Exercise goal ▸ The listing, minus its pictures, is to be given again exactly.

Records shown ▸
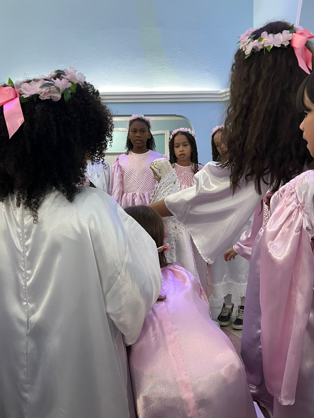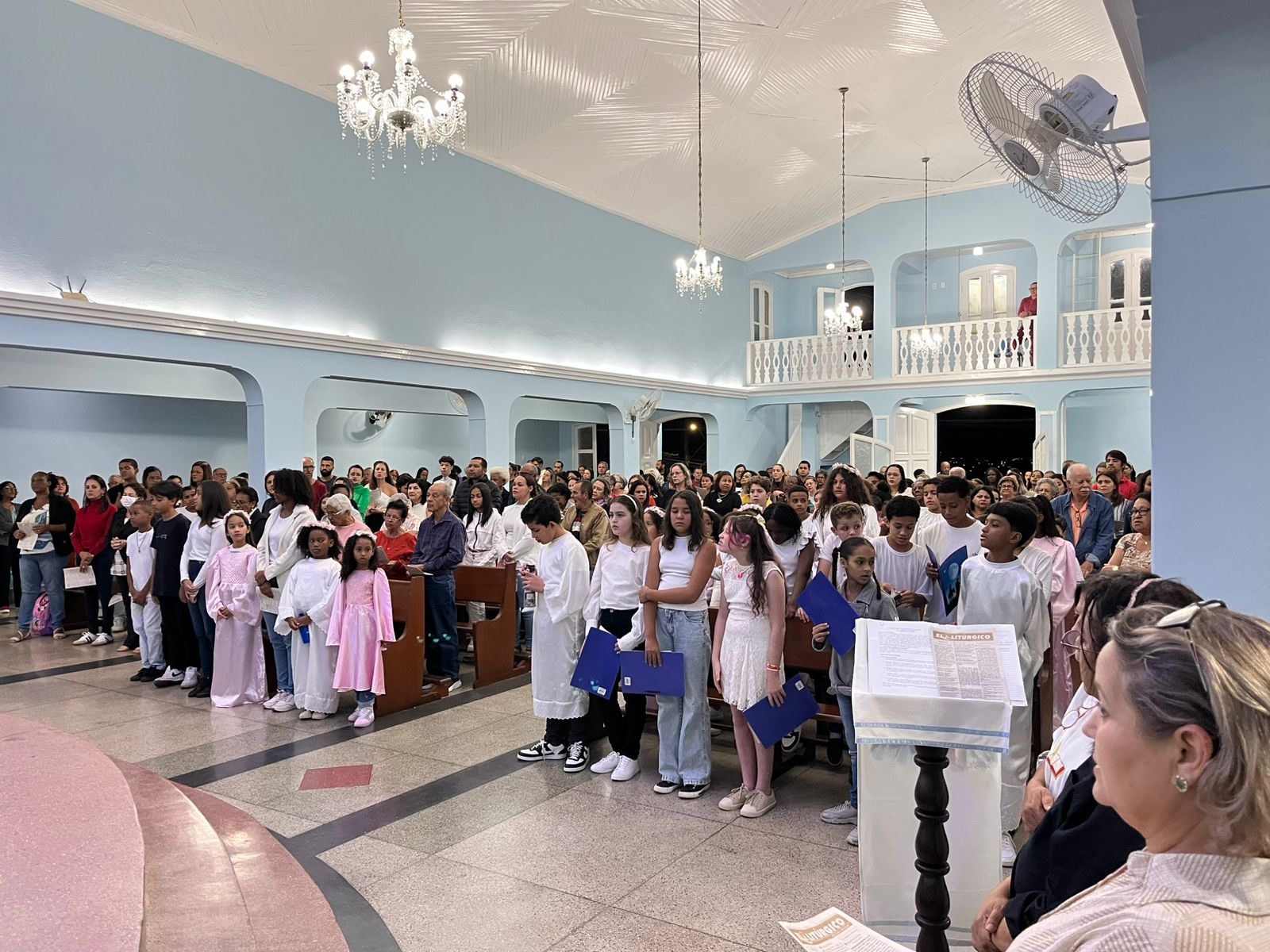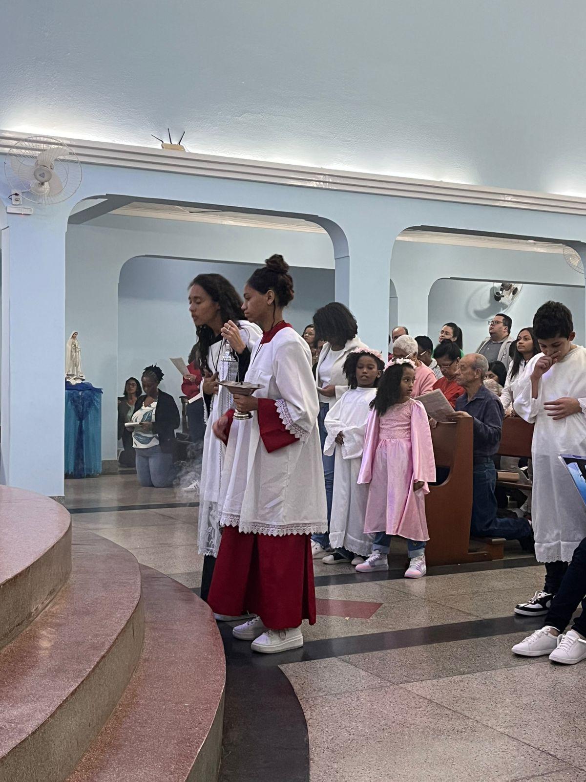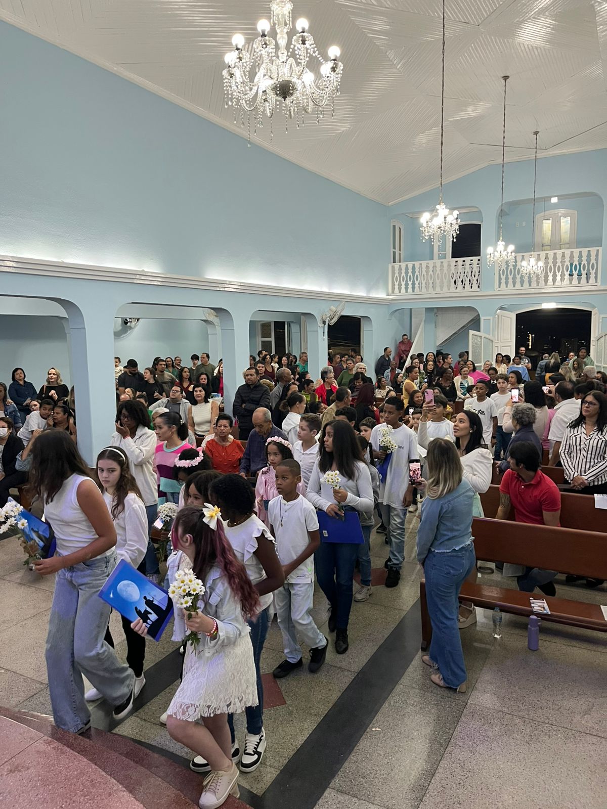 Durante a celebração, as crianças prestaram uma bela homenagem à Virgem Maria, enchendo de ternura e esperança o coração da comunidade. A presença da Guarda de Marujos Nossa Senhora da Saúde abrilhantou ainda mais o momento, reforçando a tradição e a religiosidade popular.
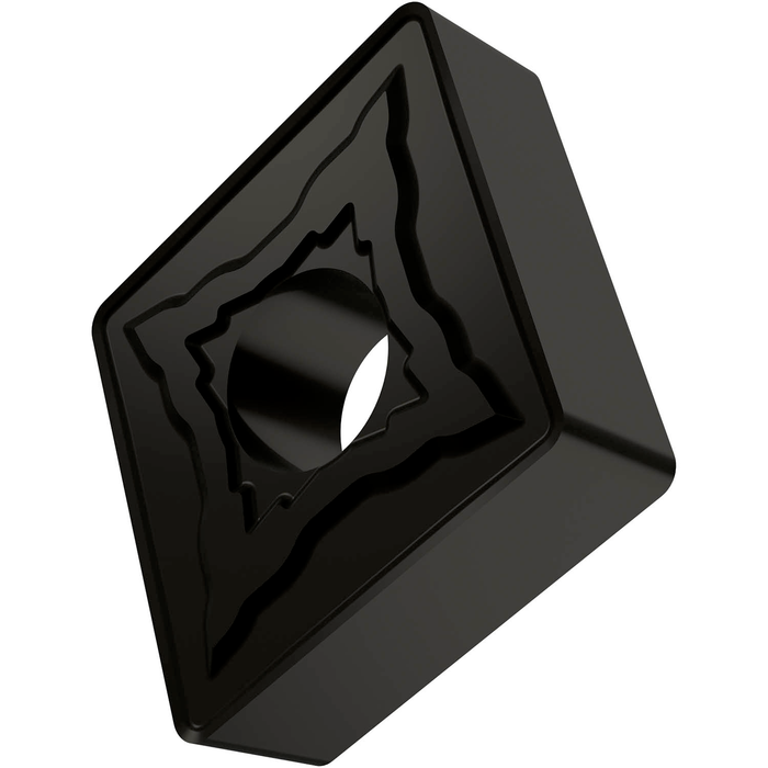 Double-sided negative turning insert, 80° rhomboid with inscribed circle diameter of 5/8", 1/4" thick, 3/64" nose radius and indexing accuracy according to ISO-tolerance class- M, chip-breaker NMR, in grade T9325, a MT-CVD coated functionally graded WC-Co carbide within ISO ranges P15-P35 and M10-M30, for fine to heavy machining of steels and stainless-steels
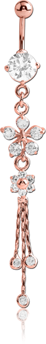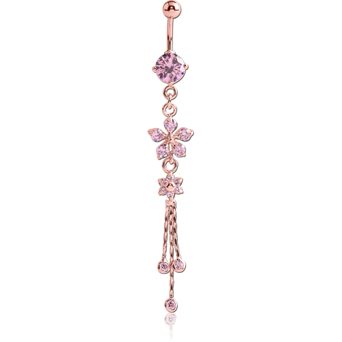 ROSE GOLD PLATED BASE METAL JEWELED FLOWER NAVEL BANANA WITH DANGLE CHARMS
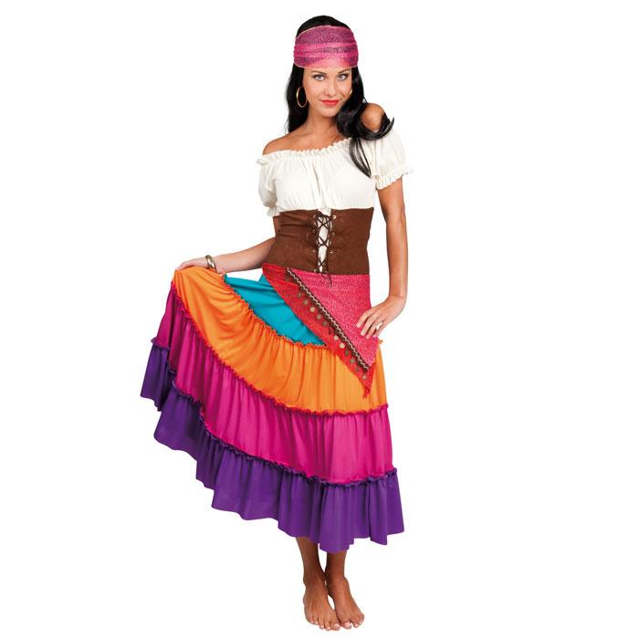Dieses hochwertige Kostüm ist ein Muss für Karneval und Fasching! Als Zigeunerin sieht man immer super sexy aus, man wird sich vor Komplimenten kaum retten können. Das Kostüm wird 3-teilig geliefert. Es besteht aus einem langen Kleid, einem Haarband und einem Hüfttuch. Das hübsche Kleid besteht aus einer braun-weißen Bluse und einem Rock in vielen bunten Farben. Der Stoff fühlt sich sehr angenehm auf der Haut an. Aufwendige Verarbeitung, top Kollektion!
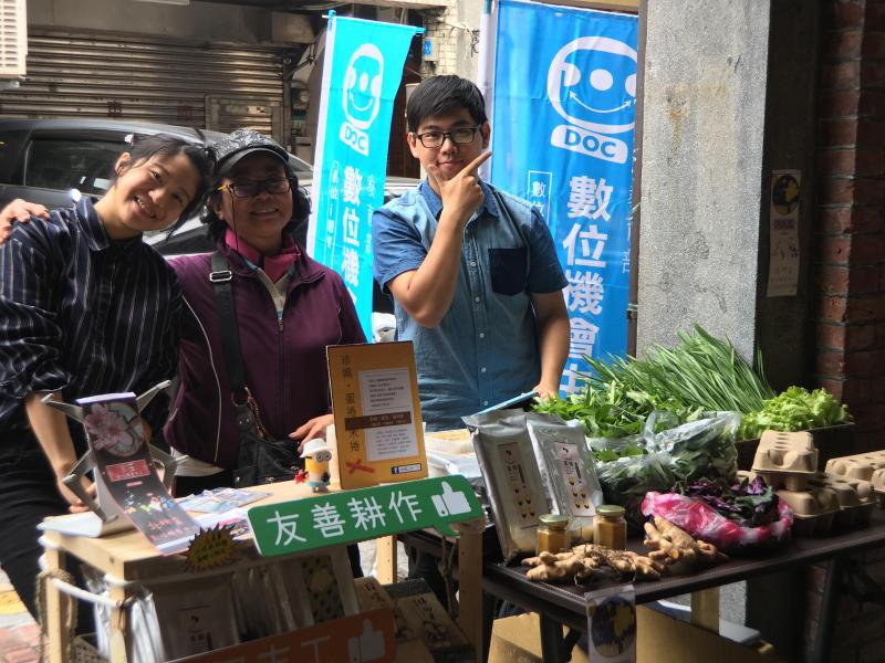 市集活動有來自於教育部羅浮數位機會中心和復興數位機會中心的泰雅族人,長期從事公益服務的三芝數位機會中心,和來自平溪數位機會中心所輔導成立的雙溪小農合作社。教育部偏鄉數位計畫強調透過學習課程,運用資訊能力典藏社區文化面,在經濟面開拓偏鄉民眾的數位商機。三光五月桃合作社在過去五年來,從三光國小親師生合作農場,透過學習網路行銷技能,蛻變成正式的合作社組織,由38位農友共同合作,透過提高品質和穩定產量,創造出成功的部落品牌。高有志社長特別感謝各界給予的幫助,也期待未來部落的小孩能夠以父母親所開拓的品牌為榮。
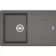 Fragranitový dřez Basis. Cena zahrnuje: Sítkový ventil 3 1/2“ s přepadem. Sifon pro úsporu místa 6/4“ s odbočkou na myčku nádobí. 2 Místa pro vyvrtání otvoru.Pozor! Baterie je umístěna ve vyspádované odkapávací ploše a je mírně nakloněna.

Result of this exercise ▸
 Durante a celebração, as crianças prestaram uma bela homenagem à Virgem Maria, enchendo de ternura e esperança o coração da comunidade. A presença da Guarda de Marujos Nossa Senhora da Saúde abrilhantou ainda mais o momento, reforçando a tradição e a religiosidade popular.
 Double-sided negative turning insert, 80° rhomboid with inscribed circle diameter of 5/8", 1/4" thick, 3/64" nose radius and indexing accuracy according to ISO-tolerance class- M, chip-breaker NMR, in grade T9325, a MT-CVD coated functionally graded WC-Co carbide within ISO ranges P15-P35 and M10-M30, for fine to heavy machining of steels and stainless-steels
 ROSE GOLD PLATED BASE METAL JEWELED FLOWER NAVEL BANANA WITH DANGLE CHARMS
Dieses hochwertige Kostüm ist ein Muss für Karneval und Fasching! Als Zigeunerin sieht man immer super sexy aus, man wird sich vor Komplimenten kaum retten können. Das Kostüm wird 3-teilig geliefert. Es besteht aus einem langen Kleid, einem Haarband und einem Hüfttuch. Das hübsche Kleid besteht aus einer braun-weißen Bluse und einem Rock in vielen bunten Farben. Der Stoff fühlt sich sehr angenehm auf der Haut an. Aufwendige Verarbeitung, top Kollektion!
 市集活動有來自於教育部羅浮數位機會中心和復興數位機會中心的泰雅族人,長期從事公益服務的三芝數位機會中心,和來自平溪數位機會中心所輔導成立的雙溪小農合作社。教育部偏鄉數位計畫強調透過學習課程,運用資訊能力典藏社區文化面,在經濟面開拓偏鄉民眾的數位商機。三光五月桃合作社在過去五年來,從三光國小親師生合作農場,透過學習網路行銷技能,蛻變成正式的合作社組織,由38位農友共同合作,透過提高品質和穩定產量,創造出成功的部落品牌。高有志社長特別感謝各界給予的幫助,也期待未來部落的小孩能夠以父母親所開拓的品牌為榮。
 Fragranitový dřez Basis. Cena zahrnuje: Sítkový ventil 3 1/2“ s přepadem. Sifon pro úsporu místa 6/4“ s odbočkou na myčku nádobí. 2 Místa pro vyvrtání otvoru.Pozor! Baterie je umístěna ve vyspádované odkapávací ploše a je mírně nakloněna.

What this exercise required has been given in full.